6 Replies Latest reply: May 15, 2014 10:10 AM by jbvinny _ RSS

    Trap Entire Row

    jbvinny _

      I am working with a difficult PDF and have decided that my best approach is to trap entire rows worth of data and parse it out after the fact.  Whenver I try to do this I get a error that says the width can only be like 250 characters... Can someone explain how to trap an entire row to me?

        • Trap Entire Row
          Grant Perkins

          I can't say I have come across this one before.

           

          Are you hitting the field width limit (254 characters as I recall) or is there a a character limit to the width of the PDF file that can be processed? (Even so a report that is around 250 characters wide is not very usual - or at least it hasn't been usually historically.)

           

          Or, another option, has the PDF extraction become so wide in attempting to get the data to play nicely that it has resulted on overly wide 'fields'?

           

          If the latter and depending on what options you have for parsing the lines once extracted, it may be possible to compress the line width by removing excess spaces using the PDF extraction settings and get things under the character limit.

           

          If the limit relates to using a single field ther may be options for utilising more than one field as well. However without assessing the PDF input you are working with I would only claim to be speculating.

           

          It may be worth looking at the PDF file with 'fresh eyes' too. What sort of problems does it present? Some are indeed very difficult to work with but I have come across a few that looked impossible at first sight but turned out to be not so bad once I realised what was going on with them.

           

          Is the report confidential or can a representative sample be shared with others for investigation?

           

          Grant

            • Trap Entire Row
              Olly Bond

              Hello jbvinny,

               

              Yes, I've seen this one a few times Monarch will let you trap the entire row, but only in chunks of 254 characters. So highlight one field starting in column 1, another in 255, another in 509, etc. Call these , etc. They'll all be of type Character.

               

              Then in the table create a Calculated field of type Memo called as simply ... Now you can parse the data out that you need.

               

              Hope this helps,

               

              Olly

                • Trap Entire Row
                  jbvinny _

                  Grant,

                   

                  I was hitting the field width limit. I worry that compressing the data in the pdf extractor would make it difficult to then parse because the values are not seperated by a delminator. I have tried several different options with this report and traping all the data and then parsing it out in the table view or excel seems like my best shot. Basically, I have about 300 one page pdf's that I need to pull information from. The problem is that each PDF is formatted slightly different. Columns aren't aligned the same so I tried using a floating trap only to find that some data isn't even spaced the same vertically so my 2 line trap would need to be 3 lines in some cases. What I ended up doing was cominging all the files into a PDF binder and then saving that as text. While still ugly this data looked more managable if I could trap an entire line. However, I keep getting the error that my field was to wide and had never run into that before (or at least don't remember it).

                   

                   

                  Ollly,

                   

                  That should work. Once I combine the fields in the table view I can parse out each value using a space as the deliminator. Thanks!

                   

                   

                  Seperate question, have either of you had any success working with a table that is within a pdf. Something like :

                   

                  Miami New York Chicago Dallas

                  Net Income 5,452 4,364 6,000 4,800

                  Revenue 7,000 6,000 8,000 5,500

                  FTE's 200 100 250 175

                   

                   

                  Traping this data would be relatively simply using a multi-region approach but for some reason I always struggle with the headers (Miami, New York, etc)... Any thoughts? I'm sure I am just being dense and missing something. :cool:

                    • Trap Entire Row
                      jbvinny _

                      Wow my attempt at providing you a table failed miserably. Hopefully it still makes some sense.
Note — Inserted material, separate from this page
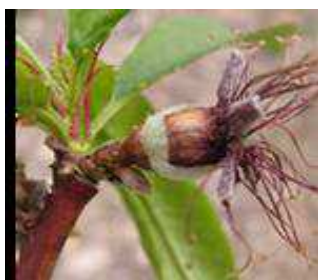
Ροδακινιά / Νεκταρινιά

                        • Trap Entire Row
                          Grant Perkins

                          Wow my attempt at providing you a table failed miserably. Hopefully it still makes some sense.[/QUOTE]

                           

                          Hmm. My attempt to put your table between CODE tags didn't give good results either.

                           

                          Basically if the cities present as column headers and so would fit into a multi-column region definition for the columns than it should be possible make that into an append template. However there are a couple of situations where with some reports other data can get in the way, literally, and mess things up. Assuming the table really appears

                          as a nice clean table well aligned then the append approach should be viable if you can define a trap to ID the line exclusively.

                           

                           

                          Grant

                            • Trap Entire Row
                              jbvinny _

                              Unfortunately I find that often the headers don't line up with the date below and therefore cross over from one multi column region to another...This seems to happen with PDF's often.   Any ideas there?